# Description of the task
Copy each line below exactly as it appears. Pictures are to be omitted.

# Data section
■ ■ ■

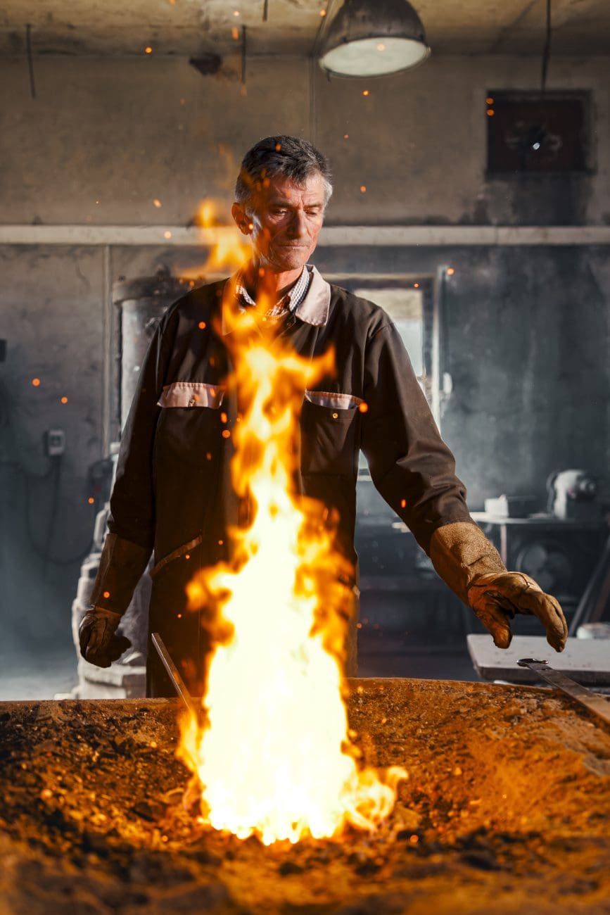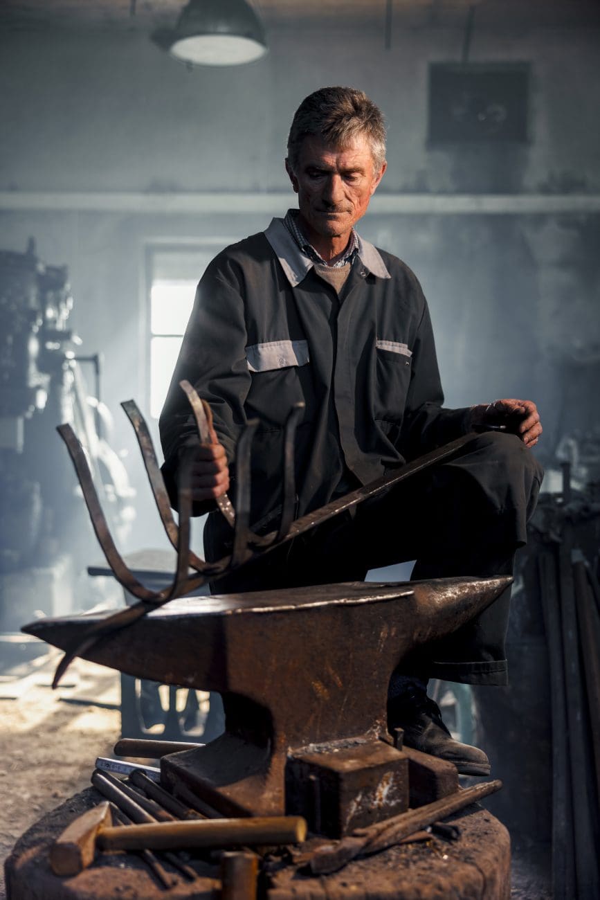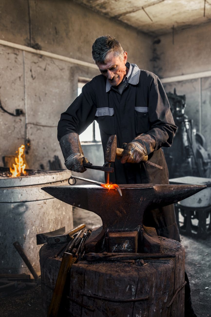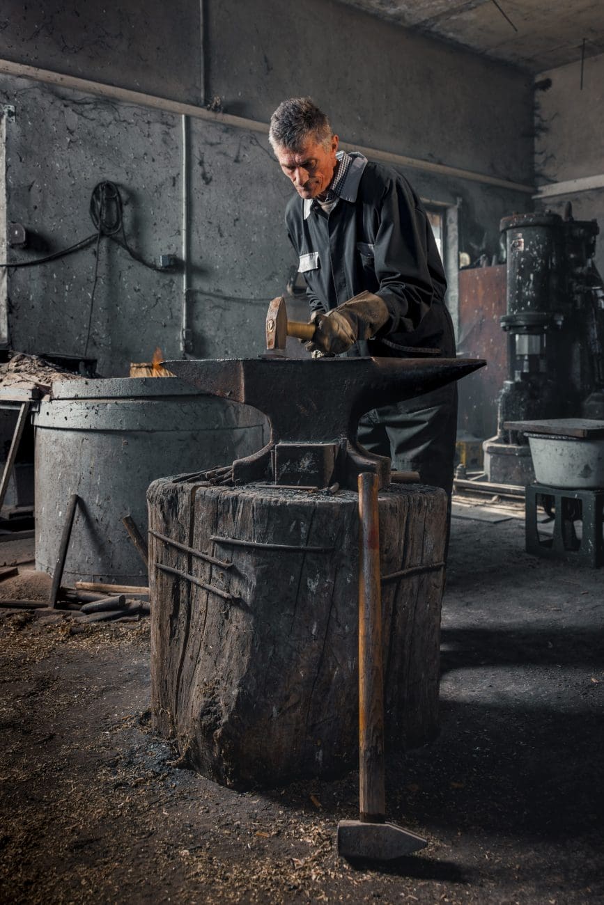 „Svi misle da je kovač samo snaga. A to je dobrim dijelom i osjećaj“, govori Ante dok postavlja komad čelika na nakovanj. „Ako udariš previše — pukne. Ako udariš premalo — ne drži. Moraš znat slušat metal.“
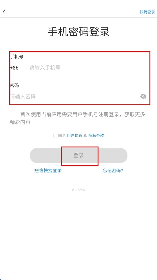 4、也可以选择【账户密码登录-功能选项】,输入手机号和密码后,点击【登录-功能按钮】完成登录操作。
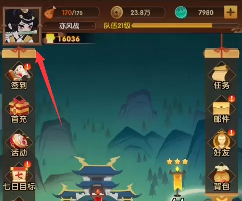 1、进入幻之封神游戏客户端,然后我们需要完成主线关卡3-21,之后点击左上方的个人头像。

■ ■ ■

# Reply
 „Svi misle da je kovač samo snaga. A to je dobrim dijelom i osjećaj“, govori Ante dok postavlja komad čelika na nakovanj. „Ako udariš previše — pukne. Ako udariš premalo — ne drži. Moraš znat slušat metal.“
 4、也可以选择【账户密码登录-功能选项】,输入手机号和密码后,点击【登录-功能按钮】完成登录操作。
 1、进入幻之封神游戏客户端,然后我们需要完成主线关卡3-21,之后点击左上方的个人头像。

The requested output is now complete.